- _The problem_:
Each record that follows is to be transcribed exactly, excluding its images.
*** Opening Available records ***
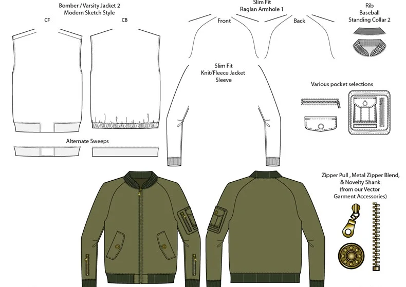 Tech pack templates, fabric sourcing list, flat & fashion sketch templates
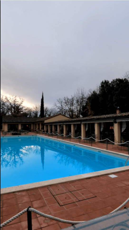午餐過後大概坐車四個小時前往莊園旅館,中間有短暫停留大的休息站讓我們去超市採買。飯店位於托斯卡尼地區深山的莊園,週邊荒蕪沒有得逛,房間在三樓,有個高大的服務員(至少200cm)直接提起兩個29吋行李箱,臉不紅氣不喘要我們跟著他走,我忍不住直接稱讚他力氣很驚人,他一副小case的樣子,如果有幫提行李服務,領隊也會提醒記得要給小費。
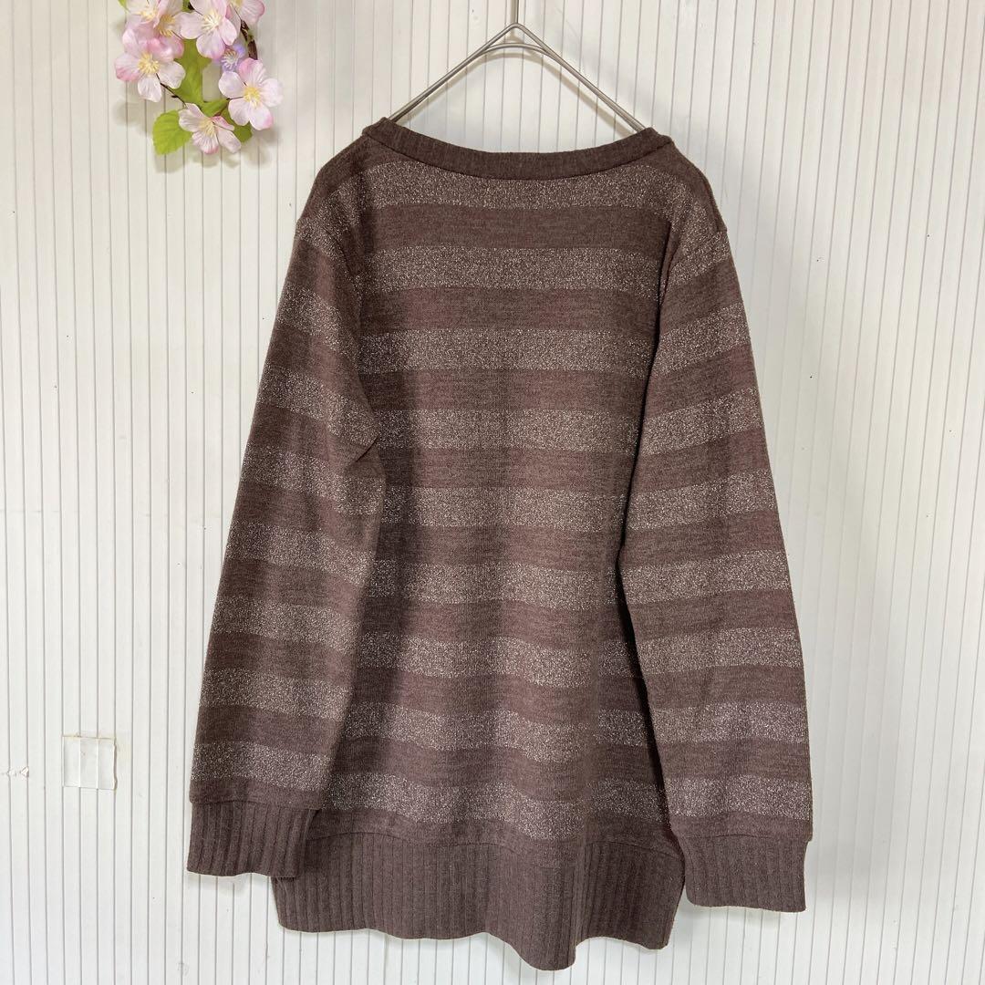 71-05 -大特価ー イトキン★ 【アーヴェヴェ】 ニット セーター (M) ボーダー ラメ 長袖 a.v.v レディース トップス ブラウン系 收藏
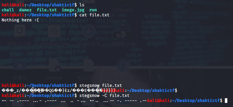 stegsnow로 실행하면 의문의 ascii 코드가 나왔다.
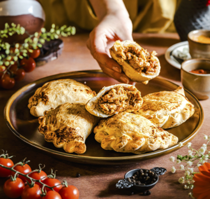 Pieczone ziemniaki, regionalny twaróg, cebula
*** Closing Available records ***
- _Problem solution_:
 Tech pack templates, fabric sourcing list, flat & fashion sketch templates
午餐過後大概坐車四個小時前往莊園旅館,中間有短暫停留大的休息站讓我們去超市採買。飯店位於托斯卡尼地區深山的莊園,週邊荒蕪沒有得逛,房間在三樓,有個高大的服務員(至少200cm)直接提起兩個29吋行李箱,臉不紅氣不喘要我們跟著他走,我忍不住直接稱讚他力氣很驚人,他一副小case的樣子,如果有幫提行李服務,領隊也會提醒記得要給小費。
 71-05 -大特価ー イトキン★ 【アーヴェヴェ】 ニット セーター (M) ボーダー ラメ 長袖 a.v.v レディース トップス ブラウン系 收藏
 stegsnow로 실행하면 의문의 ascii 코드가 나왔다.
 Pieczone ziemniaki, regionalny twaróg, cebula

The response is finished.